Content spending of selected media and streaming companies worldwide in 2024 and 2026
The world's largest media and entertainment companies collectively invested a record $210 billion in content in 2024, a 4% increase from 2023 and a 48% increase from 2020, according to KPMG's November 2025 "Money in Motion" report (Variety).
The industry has grown at a 10% compound annual growth rate since 2020, driven by the streaming wars forcing companies to simultaneously fund traditional linear TV operations and new streaming platforms. In 2024, traditional media giants led the ranking: Comcast ($37B), YouTube ($32B), and Disney ($28B) occupied the top three positions, all significantly ahead of pure-play streamers.
The DTC profitability context for this spending is in our DTC segment revenue, expenses and profit analysis.
Of the $210 billion total, approximately $40 billion was directed specifically at streaming platforms (Disney+, Peacock, Max, Paramount+ etc.), meaning approximately 81% of content investment still flows to traditional linear TV, theatrical, and sports.

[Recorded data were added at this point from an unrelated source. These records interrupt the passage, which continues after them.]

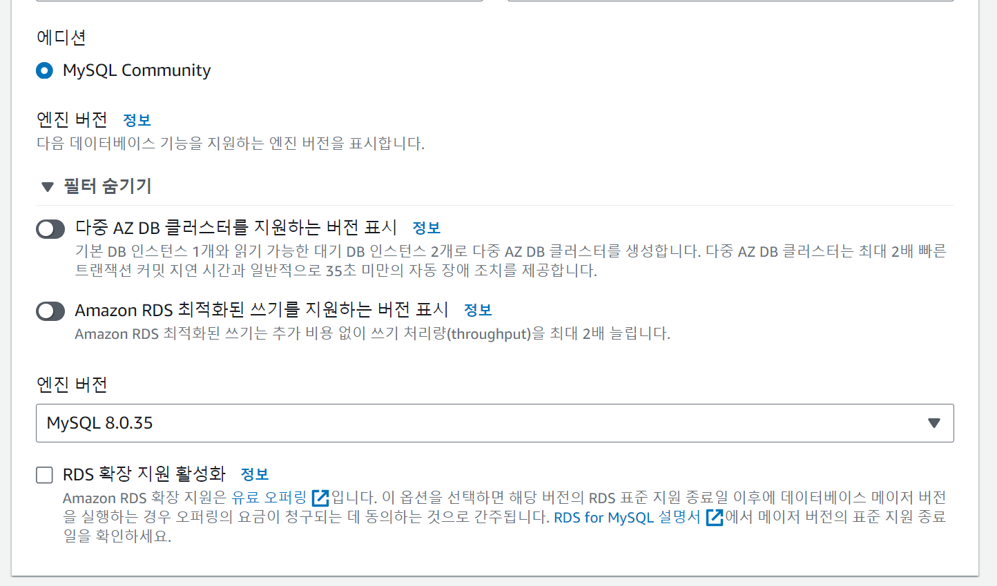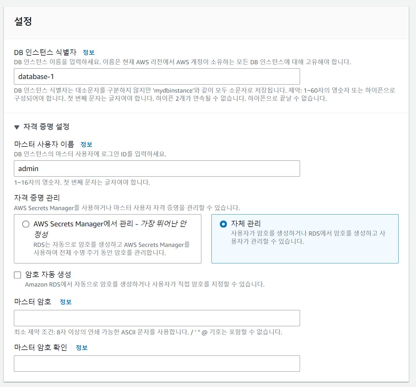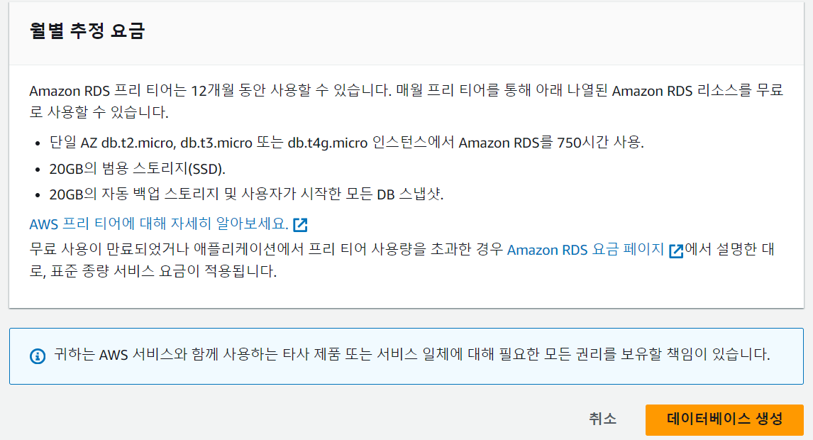 여기서 각자 DB인스턴스 식별자 명과 마스터 사용자 이름, 마스터 암호를 설정하고 기록이든 기억이든 해서 잊지말자.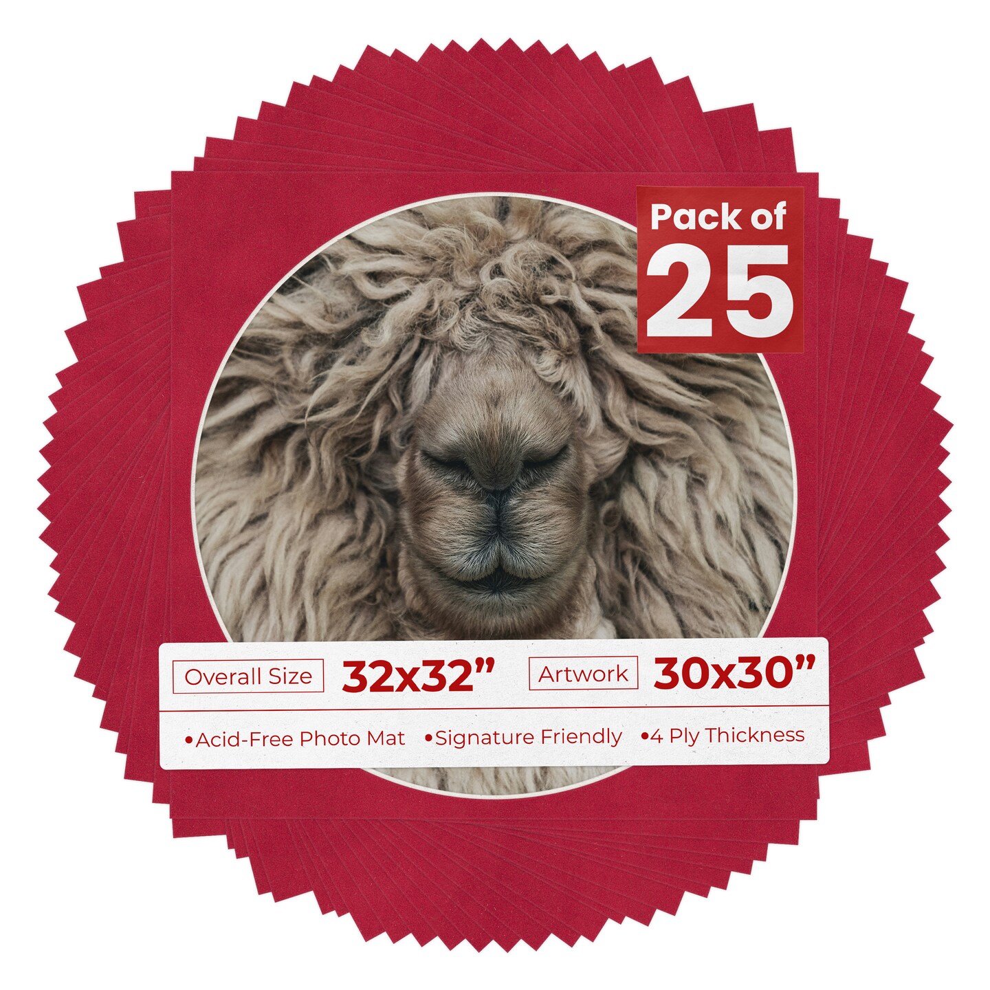 Red Suede Mat Board for 32x32 Frames - Circle Opening for 30x30 Photos
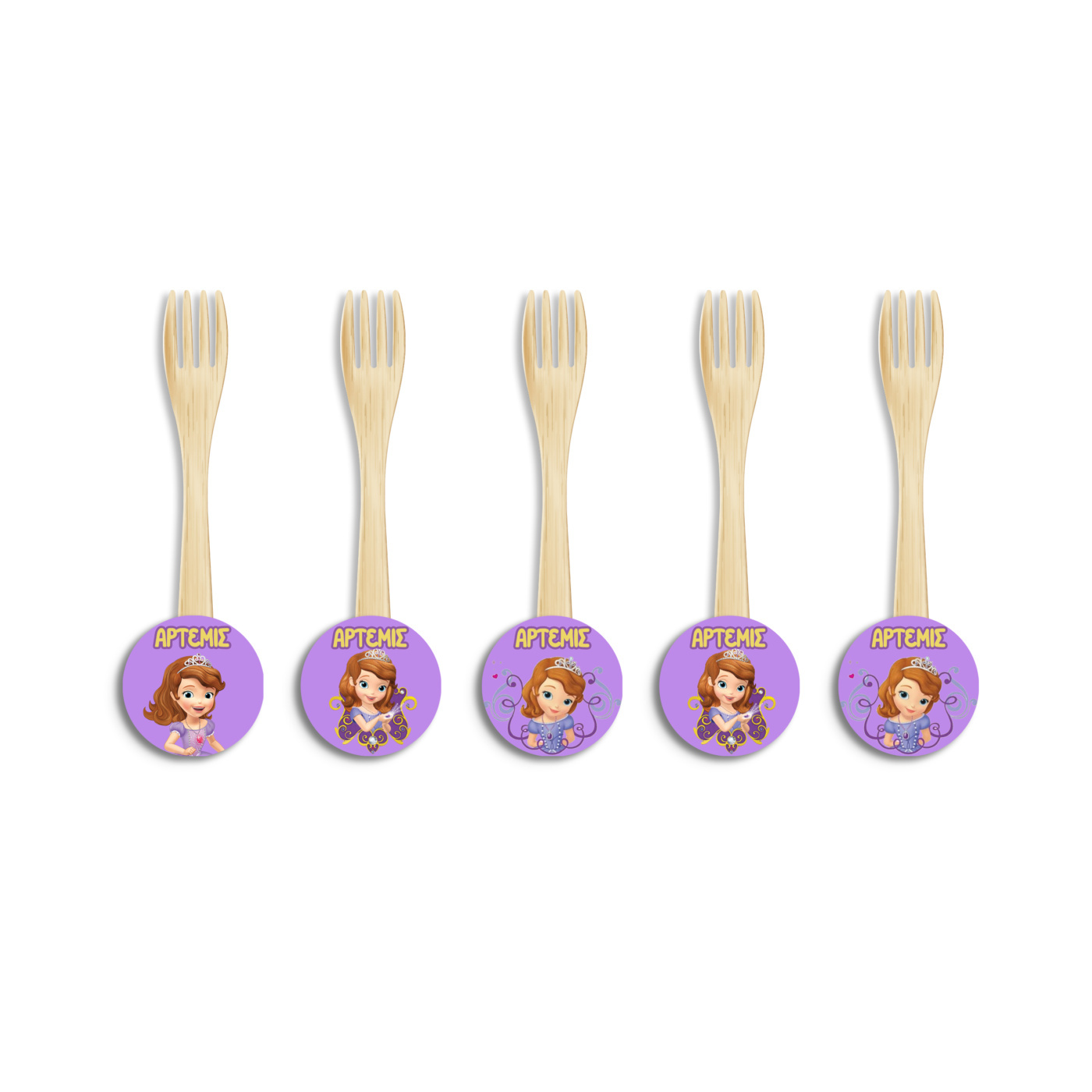 Ξύλινα Πιρουνάκια με όνομα Πριγκίπισσα Σοφία για τον θεματικό μπουφέ σας.

This ratio is shifting rapidly: Ampere Analysis forecasts streaming-only content spending reaching $101 billion in 2026, implying the streaming share of total content investment will exceed 40% for the first time.
The split between traditional and streaming investment explains why Comcast ($37B total) and Disney ($28B total) rank above Netflix ($17B) despite Netflix being the world's leading pure-play streaming service. The subscriber base context for these investments is in our SVOD subscribers worldwide analysis.
Content Spending Ranking — Full Data Table 2024 and 2026 Estimates
The table below shows confirmed 2024 content spending and 2026 estimates for major media companies. 2024 figures from KPMG (Variety, November 2025). 2026 estimates from company guidance and MoffettNathanson. Click to sort. The ad-supported streaming context for this investment is in our ad-supported VOD analysis.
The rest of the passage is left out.